何もいらなくなってきた

P1100553

土曜日に、横浜の海辺にある象の鼻パークまで散歩していたとき、ふとこんなことを思った。

昔は、休日に自転車に乗って良くこのへんまで来たこともあった。一時は自転車にも凝っていた。

ちょっと前はカメラを持って、写真を撮るためにこのへんに足を運んでいた。

それがいつの間にか、何も持たずに、ただ歩いてここに来る。それだけで良くなってる。

自転車に乗らなくても、歩けばいいし。

カメラ持ってこなくても、iPhoneのカメラで十分だし。

って。

それは決して貧乏くさくなったんじゃなくて、晴れた休日に、こうしてのんびりと陽の光に体をゆだねて、のんびりと時間を気にしなくて良いひとときを味わって。

それだけで、十分素敵な休日だし、幸せだなあ。って心から思えるようになってきたということなんだ。

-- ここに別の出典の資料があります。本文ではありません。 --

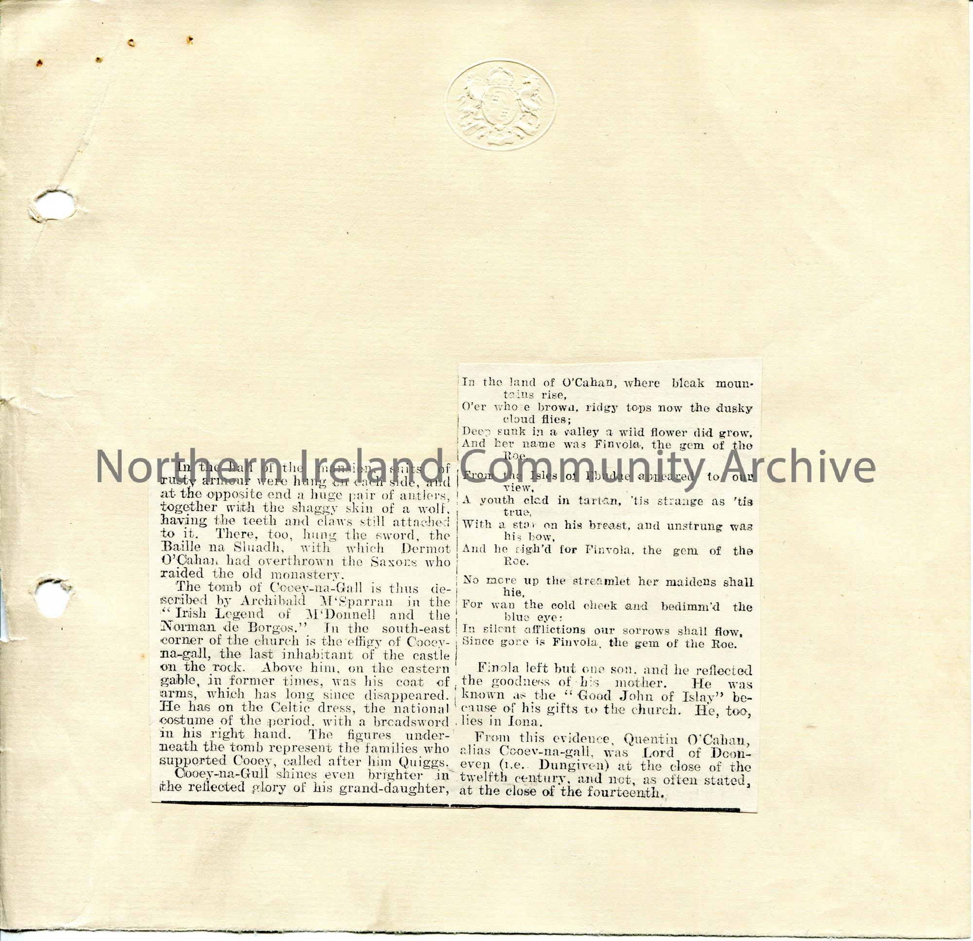 Page 2 of 2. Copy of an article with photographic image titled, 'No. 22. - Cooey-Na-Gall's Tomb, Dungiven Priory Church'. Photograph is of the tomb itself. Re Cooey-na-Gall - warrior and one of twelve sons on Dermot O'Cahan - and Finvola / Finola 'Gem of the Roe'.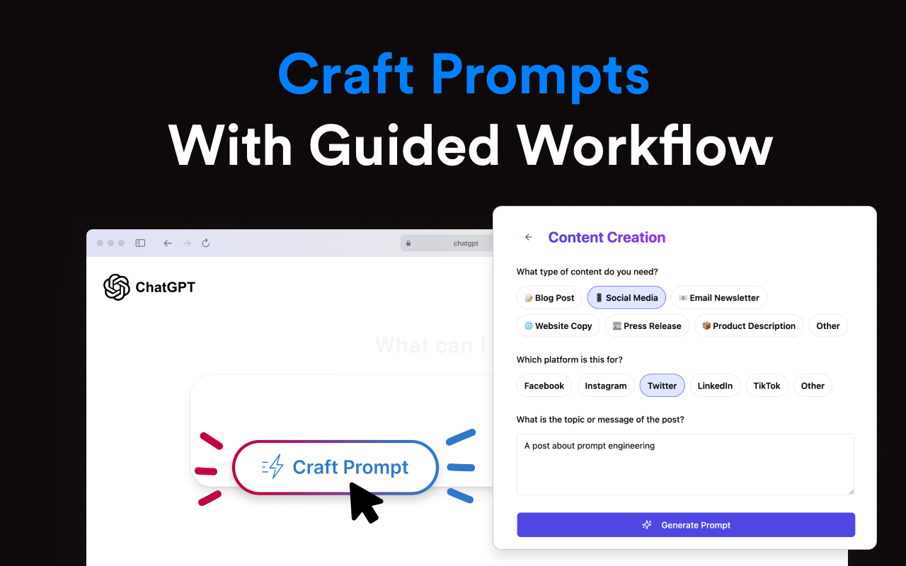 Teleprompt is a Chrome extension that helps you write powerful prompts without leaving your favorite AI chat apps. With one click, it improves your input, boosts response quality, and saves you valuable time.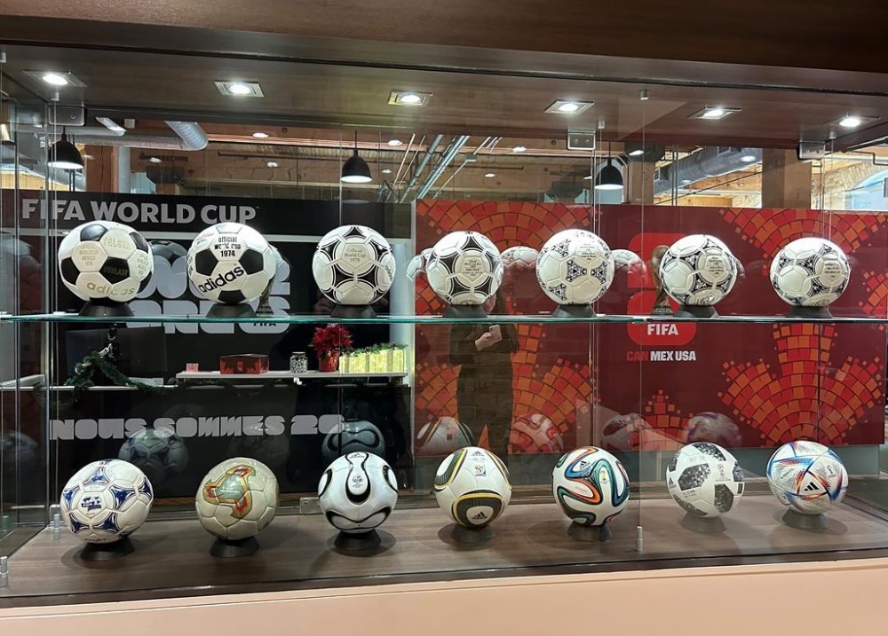 The entrance features a display of 14 official match balls dating back to the 1970 World Cup. A giant 2026 cut-out in the shape of the FIFA World Cup trophy provides a unique photo op. Maple Leaf motifs decorate the converted factory, which is getting busier by the day.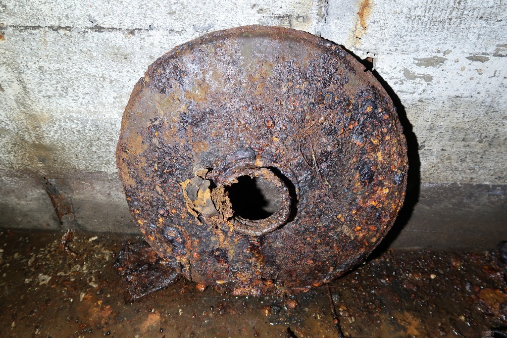 Vue intérieure : salle de garde sud. Contre le mur se trouve un filtre à charbon pour le ventilateur [disparu]Immatriculation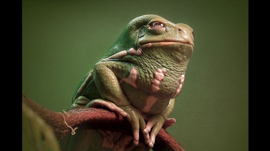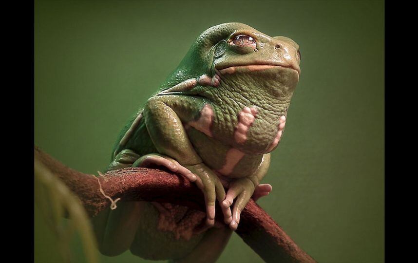 Las imágenes de esta cerosa rana mono de árbol, apodada como “El Jefe”, fueron tomadas por el fotógrafo Keith Talbot, en su casa de Ashington cerca de Newcastle. Pareciera que la rama sobre la que reposaba apenas podía soportar el peso de este anfibio obeso.

まあ、私も年取ってきたからということも確かにあるだろうけれど、この心境の変化は、間違いなく、「あの日」以後のことだ。

2011年3月11日。

実は上の写真はその日の1か月後に撮ったもの。

震災後、しばらくは停電やモノが無かったり、まだ余震が起こったり、ザワザワと落ち着かない気分だったのが、1ヶ月経って、やっとブラブラ散歩にでも行こうかという気分になって、この象の鼻パークに来たときの写真だ。

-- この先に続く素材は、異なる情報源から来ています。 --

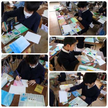 そして、一組では、葉書サイズの画用紙に思い思いのグラデーションをつくりました。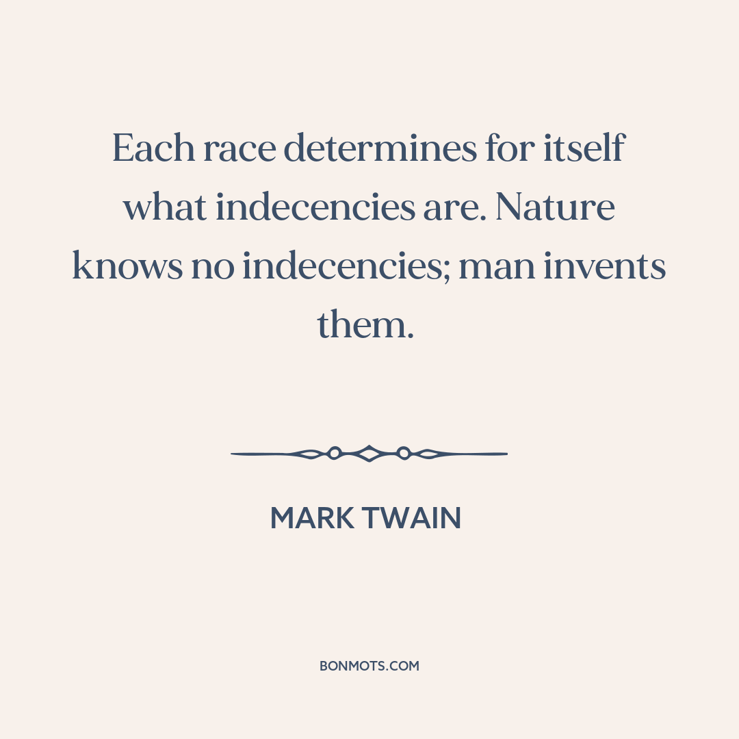 Each race determines for itself what indecencies are. Nature knows no indecencies; man invents them.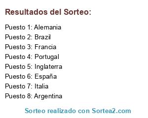 Lista de participantes: Inglaterra, Francia, Alemania, Italia, Portugal, España, Argentina, Brazil.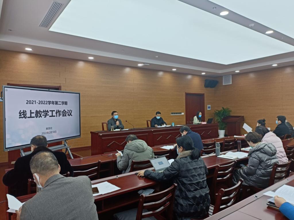 2022年2月18日上午9点,在留教院附属楼2楼208会议室,今年会召开了2021—2022学年第二学期线上教学工作会议。会议由教务处李雪甫处长主持,教学分管院长傅玉峰、各学院(部)院长、教学院长、教学办主任、教研室主任,学工处、质控办、现教中心和教务处相关人员参加了此次会议。

明るい日の下で、人々がのんびりと休日を楽しんでいる平和な風景。それを見て、その中にいて、しかも大好きな美味しいビールが飲める。

「あー幸せだなあ」

と本当に心から思った。そんなことはやっぱり、震災前には思わなかったことだ。

カメラも、自転車も、そりゃあれば楽しい。

それは人生を楽しく彩るだろう。

でも、それが無くても幸せになれるようになった。

これは、やっぱり、魂の成長だろうと思うのだ。